Светлана в углу замерла, перестав греметь инструментами.

- Все тут предельно ясно, Володя. Шабанов уже убит, там, на дороге и просто не успел умереть. Он живет за счет дыхательной аппаратуры.

- А сердце? - Иванов поднял глаза на высокого Шевчук.

- А что сердце? Мозг не работает, самостоятельного дыхания нет, сердце бьется за счет местного автоматизма. Ему уже не поможешь, зато, Володя, мы спасем нашего больного. Пока не наступили необратимые изменения, Шабанова надо переводить к нам. Мне нужно свежее сердце, неужели не ясно?

- Свежее сердце... Неплохо сказано. Только не дави на меня, Феликс. Дай разобраться... - Иванов обошел операционный стол и остановился у распростертого, беспомощного Шабанова. Голова его теперь была опоясана лентой энцефалографа.

- Слава, включи, я гляну, - Иванов тронул за руку дремавшего анестезиолога. Тот вздрогнул, открыл глаза и щелкнул тумблером. По экрану потянулись светлые горизонтальные линии. Иванов наклонился: да, линии были почти прямые. Почти, но не совсем. Изредка, но набегала едва заметная легкая рябь, угасающая волна жизни.

- Что скажешь? - Иванов кивнул на экран.

- Дело - труба, - пробормотал анестезиолог. - Как ни печально, но он не жилец. Несколько часов в снегу, да под этим делом, - анестезиолог аппетитно щелкнул себя по горлу.

- Это понятно. Но он уже почти два часа под наблюдением. Почему нет отрицательной динамики?

- Вопрос, конечно, интересный, - начал анестезиолог, но Иванов уже повернулся к Шевчук, около которого, как привязанный крутился и строчил в блокнот журналист.

- Вот что, Феликс. Шабанов пока останется у меня, - вид у Иванова был столь непреклонный, что Шевчук растерялся.

- Но почему? Как же так?!

- Он требует наблюдения...

- Ты донаблюдаешься.
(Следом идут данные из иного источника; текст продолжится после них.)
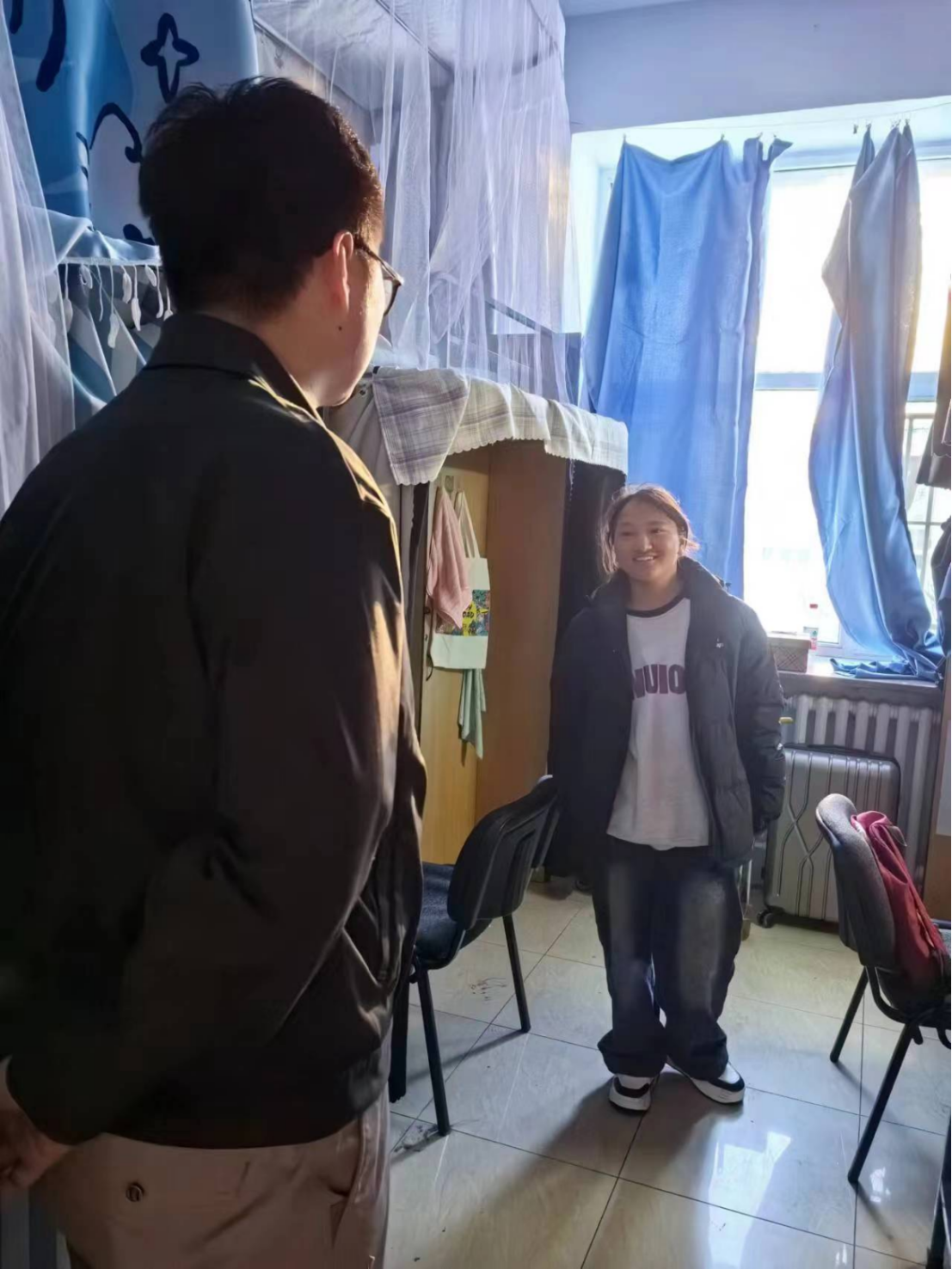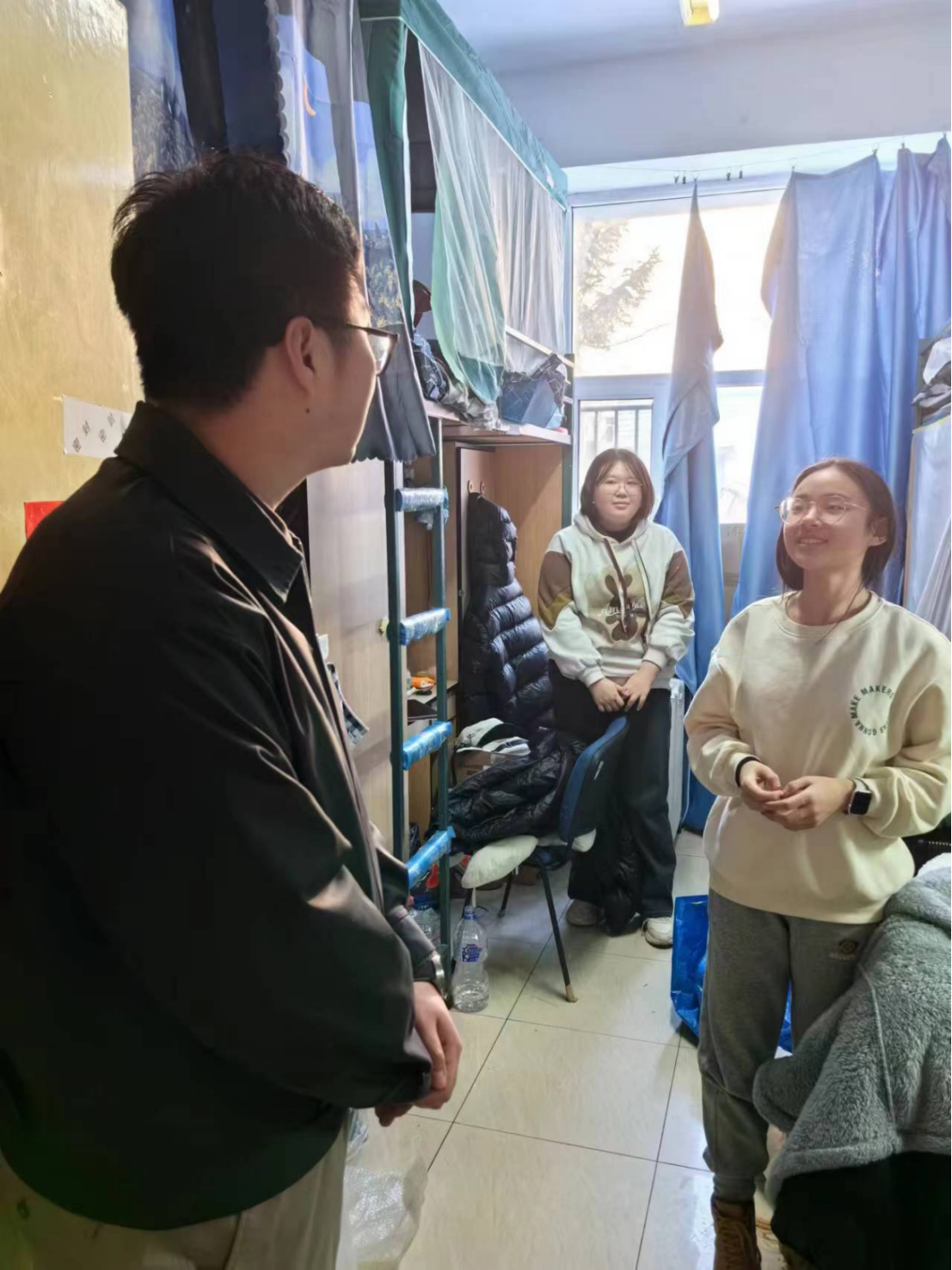 针对走访寝室的卫生情况,宋老师和师兄师姐们提出整理建议,春季流感频发,宋老师提醒同学们关注寝室卫生和个人身体健康,做到宿舍勤打扫勤通风,营造干净整洁、团结和谐的良好氛围。

В сердце начнутся изменения и тогда... Да ты что, Володя? Ты же ставишь под удар работу огромного коллектива. Однокашник называется...

- Извини, Феликс, не могу. Без акта о смерти я тебе его не отдам, а акт я пока подписать не могу.

- Послушай, Володя, так нельзя. Оставь ты эту бюрократию...

- Извини.

- Вот, Валерий, - Шевчук повернулся к журналисту. - Перед тобой типичный представитель современного медицинского консерватизма. Десятки людей старались. Правительство выделяет валюту на аппаратуру и материалы. Технически все отработано, нет проблем. Имеется идеальный донор. Везде эта операция поставлена на широкую ногу, только мы тащимся в хвосте, благодаря вот таким бюрократам, - он гневно сверкнул глазами в сторону Иванова. - Его не интересует ни прогресс науки, ни познание истины.

- Ты думаешь, если умеешь резать по живому сердцу, то уже познал все его тайны?

- Хватит! Я звоню директору, пусть он сам с тобой разбирается, Шевчук махнул рукой и направился к выходу. Журналист устремился следом.

Дверь хлопнула, Иванов вздохнул и вдруг почувствовал, что кто - то тронул его за плечо.

- Не уступайте, Владимир Васильевич, - горячо прошептала Светлана. - У него у самого нет сердца, это ему требуется пересадка...

- Ты умница, Света, - пробормотал он.

- Наконец-то услышала и я ласковое слово. И как это вы сподобились, Владимир Васильевич, - она усмехнулась.

- Не смотри на меня так, Светик. Не отдам я его им. Пусть зовет хоть директора, хоть министра хоть самого архангела Гавриила. Не отдам, пока не буду уверен.

Она опустила маску, тряхнула головой и вдруг порывисто поцеловала его в колючую щеку. Они были одного роста и стояли теперь рядом глаза в глаза. Иванов неловко провел ладонью по щеке и посмотрел на пальцы.

- Нет там губной помады, Владимир Васильевич, успокойтесь, - она снова подняла маску, глаза её смеялись.

- А ты доверила бы мне свое сердце? - спросил Иванов.